## What is needed
The records below need to be repeated exactly, though not their pictures.
*** Opening Records ***
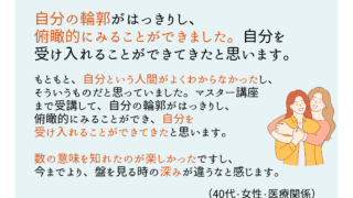【講座感想】自分の輪郭がはっきりし、俯瞰的にみることができました。自分を受け入れることができてきたと思います。
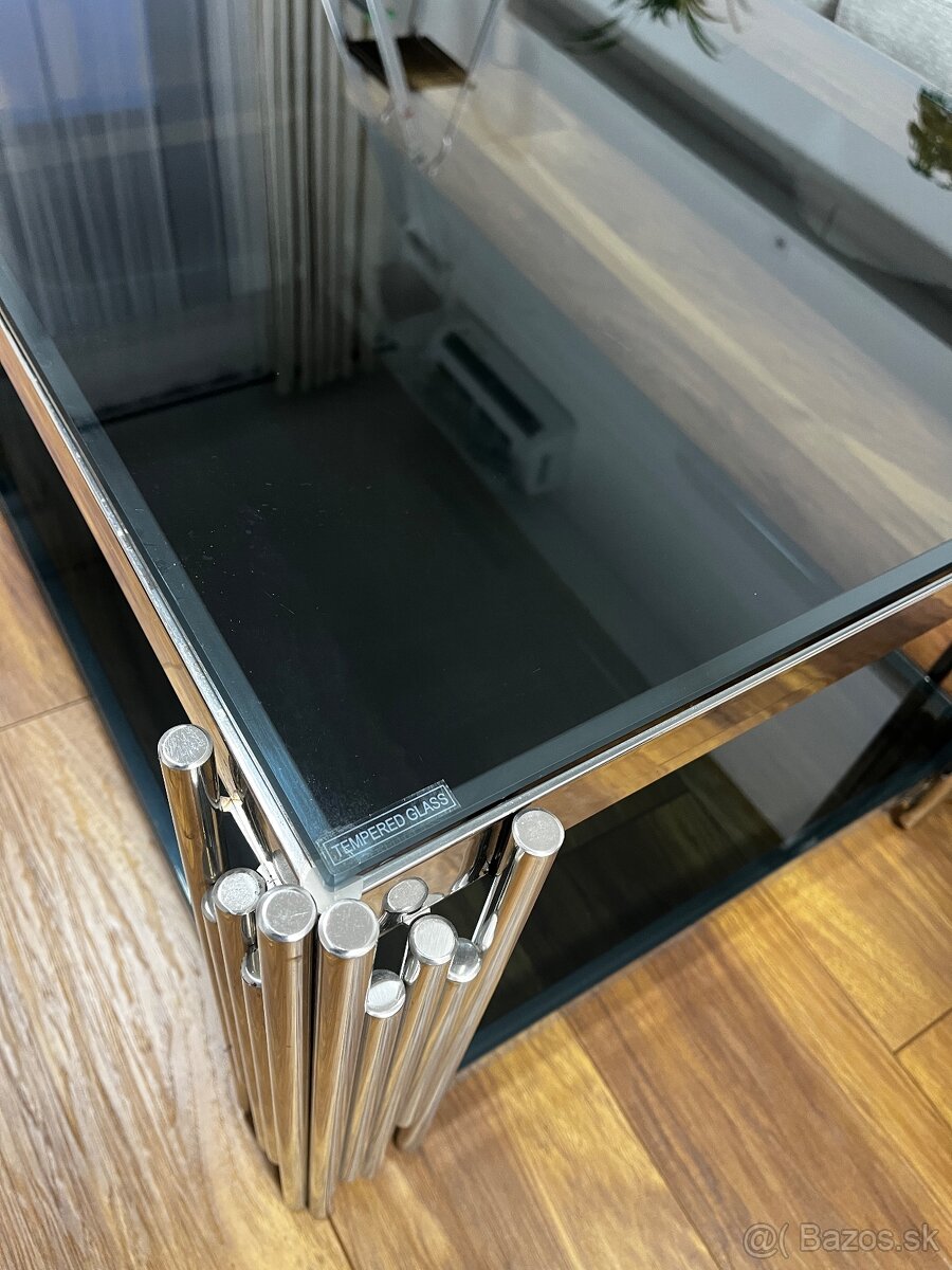 Predam chromovany konferencny stolik cierne bezpecnostne kalene sklo (5-krát pevnejšie ako bežné sklo rovnakej hrúbky. Ak dôjde k jeho rozbitiu, netvoria sa ostré črepy, ale sklo sa roztriešti na drobné, tupé úlomky, ktoré minimalizujú riziko vážneho zranenia. Vďaka tvrdenému povrchu lepšie odoláva bežnému opotrebovaniu a škrabancom.)
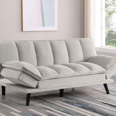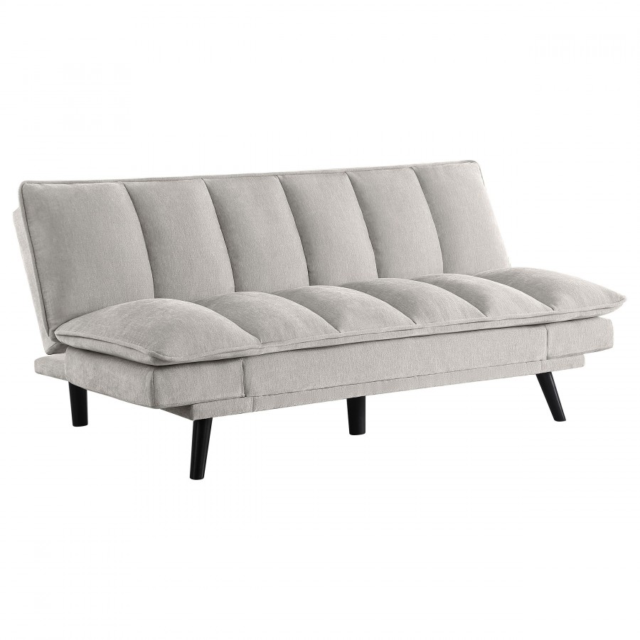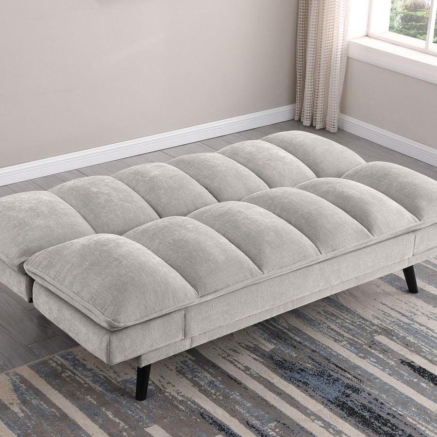 Versatility reigns in a modern sofa bed. Soft upholstery complements perfectly, bringing inviting style to a convertible design. It goes from sofa to bed with a lay-flat mechanism, perfect for a multi-functional space like a home office or compact living room. Tufting adds a sense of structure to the design. Splayed legs receive a black finish, offering a chic look against lighter upholstery.
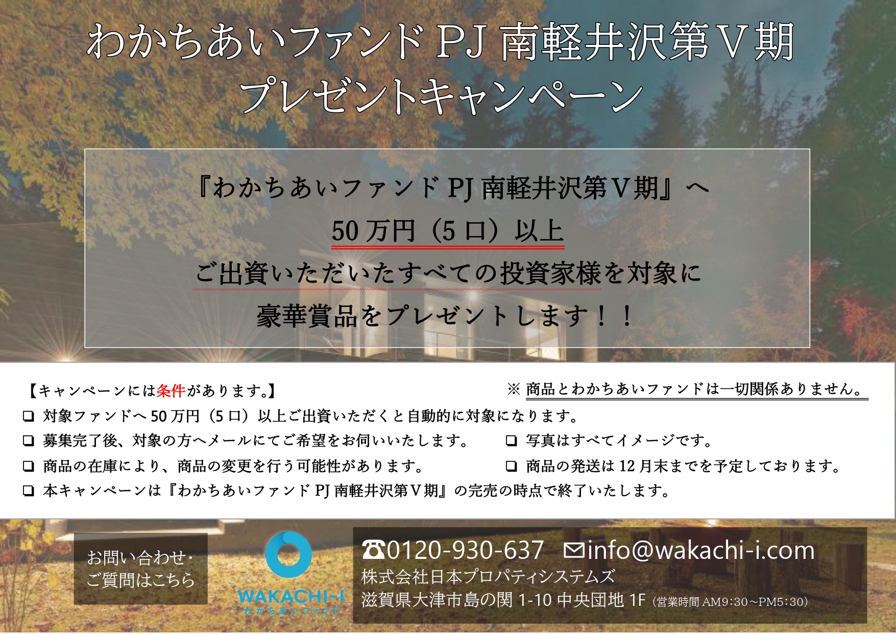 | 条件詳細 | 「わかちあいファンドPJ南軽井沢第Ⅴ期」に50万円以上出資する |
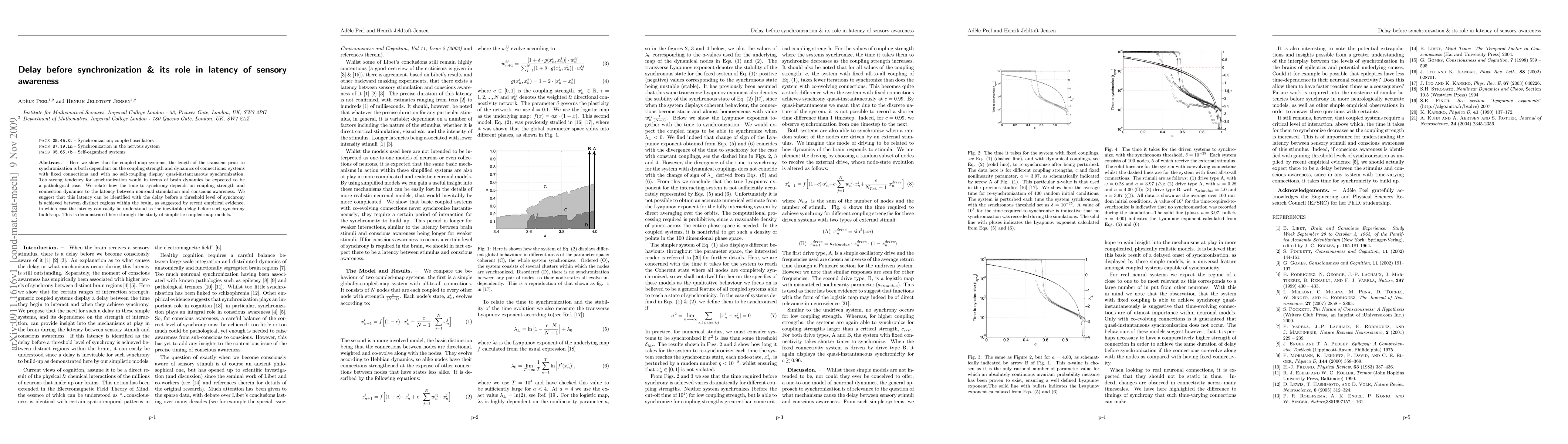 This paper investigates the delay before synchronization in coupled-map systems, showing that it depends on coupling strength and connection dynamics. It proposes that this delay correlates with the latency of sensory awareness, suggesting that conscious perception is linked to the time needed for sufficient synchrony among brain regions.
*** Closing Records ***
## Result of the task
【講座感想】自分の輪郭がはっきりし、俯瞰的にみることができました。自分を受け入れることができてきたと思います。
 Predam chromovany konferencny stolik cierne bezpecnostne kalene sklo (5-krát pevnejšie ako bežné sklo rovnakej hrúbky. Ak dôjde k jeho rozbitiu, netvoria sa ostré črepy, ale sklo sa roztriešti na drobné, tupé úlomky, ktoré minimalizujú riziko vážneho zranenia. Vďaka tvrdenému povrchu lepšie odoláva bežnému opotrebovaniu a škrabancom.)
 Versatility reigns in a modern sofa bed. Soft upholstery complements perfectly, bringing inviting style to a convertible design. It goes from sofa to bed with a lay-flat mechanism, perfect for a multi-functional space like a home office or compact living room. Tufting adds a sense of structure to the design. Splayed legs receive a black finish, offering a chic look against lighter upholstery.
 | 条件詳細 | 「わかちあいファンドPJ南軽井沢第Ⅴ期」に50万円以上出資する |
 This paper investigates the delay before synchronization in coupled-map systems, showing that it depends on coupling strength and connection dynamics. It proposes that this delay correlates with the latency of sensory awareness, suggesting that conscious perception is linked to the time needed for sufficient synchrony among brain regions.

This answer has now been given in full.